Others took notice of the quality of the items Goett and Sabanosh were making and encouraged them to start their own business.

Using sewing and embroidery machines and employing techniques such as double stitching and serging to ensure durability, they can have most items shipped within a week.

After opening their Etsy shop in November, they were excited to receive their first online order from a woman in Arkansas.

“It was truly validation having people you don’t know see something you made and want to buy it,” Goett said.

The “sisters” say sewing also helps keep them connected to their roots.

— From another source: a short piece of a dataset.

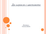 Презентация, която описва начина, по който можем да запознаем децата с цветовете. Начина, по който ако смесим два познати за децата цвята ще получим нов трети цвят и други...

“My mom was always crafting, scrapbooking – she crochets a lot – sewing, a lot of hand embroidery, she was always doing something,” Sabanosh said “I just grew up around it.”

Sabanosh, who moved to the East Coast in 2000 to become a Connecticut family’s nanny, recalled the joy she felt stitching together her own volleyball-emblazoned sweatshirt in a sixth-grade home economics class.

“It was my first project. We had four pieces we attached together and we got to choose the middle piece…I wore it forever. It was so ugly but I wore it forever,” she said. “I loved that class.”

Goett, who has lived in Mount Kisco for about 10 years, remembers sewing with her grandmother in California and watching her mom mend clothes on an old Singer sewing machine.

Describing herself as having been a “practical 16-year-old,” she volunteered in her high school’s theater department costume shop. There she helped make, modify and mend costumes for the school’s stage productions.

That experience would help her gain admission to the University of Wisconsin where she majored in apparel design. The school offered an option to complete the last year of the program at New York’s Fashion Institute of Technology (FIT).

Goett jumped at the opportunity to move to Manhattan to complete her education, citing the limited fashion opportunities in Wisconsin. After graduating, she worked in the industry for several years, focusing on clothing and textile design. She is currently a stay-at-home mom to her daughter Norah, 8, and son Riley, 6.

Sabanosh, a Somers resident since 2004, manages a pediatric dental practice in Connecticut while raising her daughter Morgan, 7, and son Ryan, 4. She said she and Goett aren’t looking to become wealthy off their new venture. They just want to continue doing what they love – and maybe one more thing.

“Our original joke was if we could just make enough to pay for our Amish country trips each year,” she laughed.